Tom Friedman Writes About Innovation - and Democracy Journal

New York Times writer Tom Friedman devoted his latest column to the innovation challenge facing the United States—and mentioned Democracy Journal’s innovation symposium while doing so.

The column is focused on a conversation Friedman had with Paul Otellini, the leader of Intel. Friedman describes their discussion:

I asked if his company was being held back by weak science and math education in America’s K-12 schools, Otellini explained:

“As a citizen, I hate it. As a global employer, I have the luxury of hiring the best engineers anywhere on earth. If I can’t get them out of M.I.T., I’ll get them out of Tsing Hua” — Beijing’s M.I.T.

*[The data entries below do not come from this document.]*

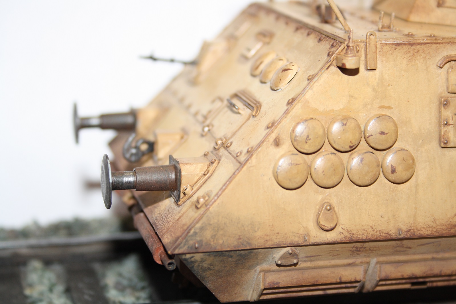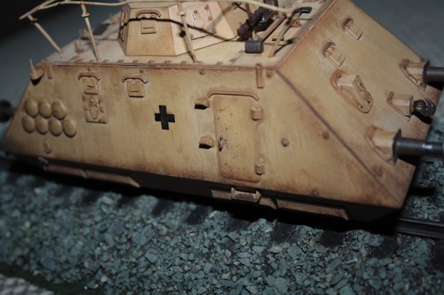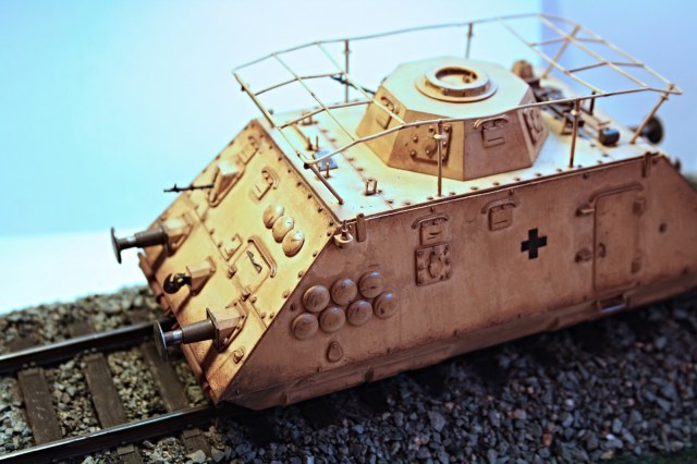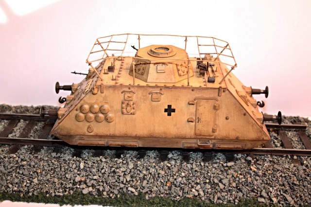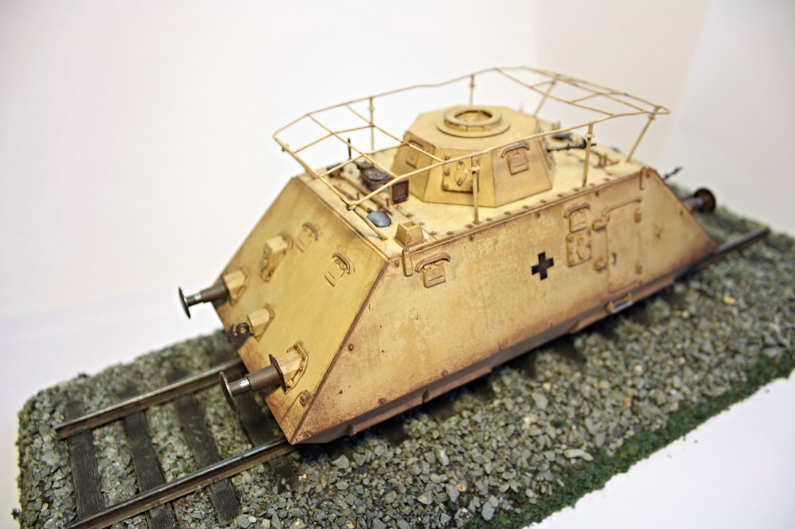 На ступеньки возле двери добавить накладки противоскольжения. Про перископы ком.башни думаю знаете. Потеряна часть шанца и укладка антенны, ровно как и она сама. Дрезине бы сцепочка не помешала, кстати, знаю что драгон не даёт, но всё-же.. Это кстати классная тема, фоткать её так что не видны пулемёты, но я чую они изкоробочные. Это не плохо само по себе, они смотрятся, НО только не вблизи. В идеале - менять на пехотные от Aber. Кстати, согласен что чуть вздёрнуты: в состояние покоя это правильно.
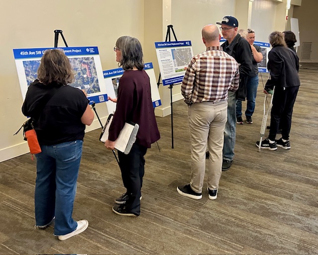 Presenters on Thursday night included Robert Lee (SPU project manager for the emergency repairs happening this month), Jonathan Brown (SPU project manager for the 45th Ave SW culvert replacement), and Tracy Belding (design consultant for the 45th Ave project). Also in attendance were reps from the Seattle Police Department — crime prevention coordinator Matthew Brown and officer German Barreto — to answer questions and represent public-safety aspects of the projects.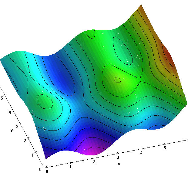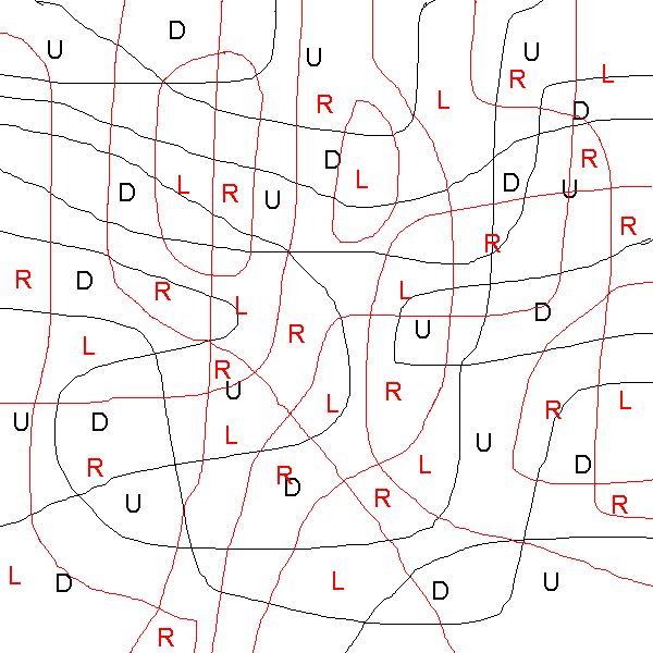 Question 7: A weaker situation: Not fx and fy are given, but just their zero curves. That is, we have two (systems of) curves a (the black ones in the picture to the right) and b (the red ones) in the square [0,6]2. Is there a function f from [0,6]2 to R such that a is the set of all points (x,y) with fx(x,y)=0, and b is the set of all points with gx(x,y)=0? Solution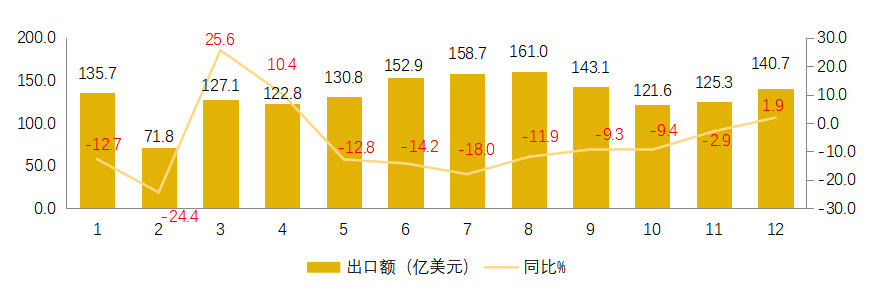 1-12月,东部“五省一市“出口均呈下降态势,中西部出口省市出口占比提升。浙江、广东、江苏、山东、福建、上海出口同比分别下降3.2%、16.9%、16.1%、7.9%、15.4%和12.1%,合计占全国比重为73.7%,同比减少2.5个百分点。中西部20省市出口合计增长5.9%,占总出口比重为22.3%,占比增加2.9个百分点。其中,新疆、湖北、广西、四川分别大增23.6%、32.1%、17%、60.2%。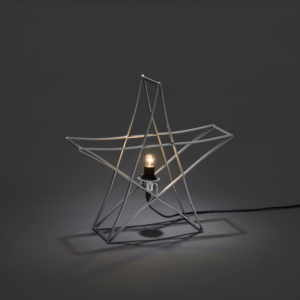 Stående metallstjerne fra Gnosjö Konstsmide, måler 40x40cm. Tilkoblingskabelen er en 5 m lang E14 sort kabel.

It gets worse. Otellini noted that a 2009 study done by the Information Technology and Innovation Foundation and cited recently in Democracy Journal “ranked the U.S. sixth among the top 40 industrialized nations in innovative competitiveness — not great, but not bad. Yet that same study also measured what they call ‘the rate of change in innovation capacity’ over the last decade — in effect, how much countries were doing to make themselves more innovative for the future. The study relied on 16 different metrics of human capital — I.T. infrastructure, economic performance and so on. On this scale, the U.S. ranked dead last out of the same 40 nations. … When you take a hard look at the things that make any country competitive. … we are slipping.”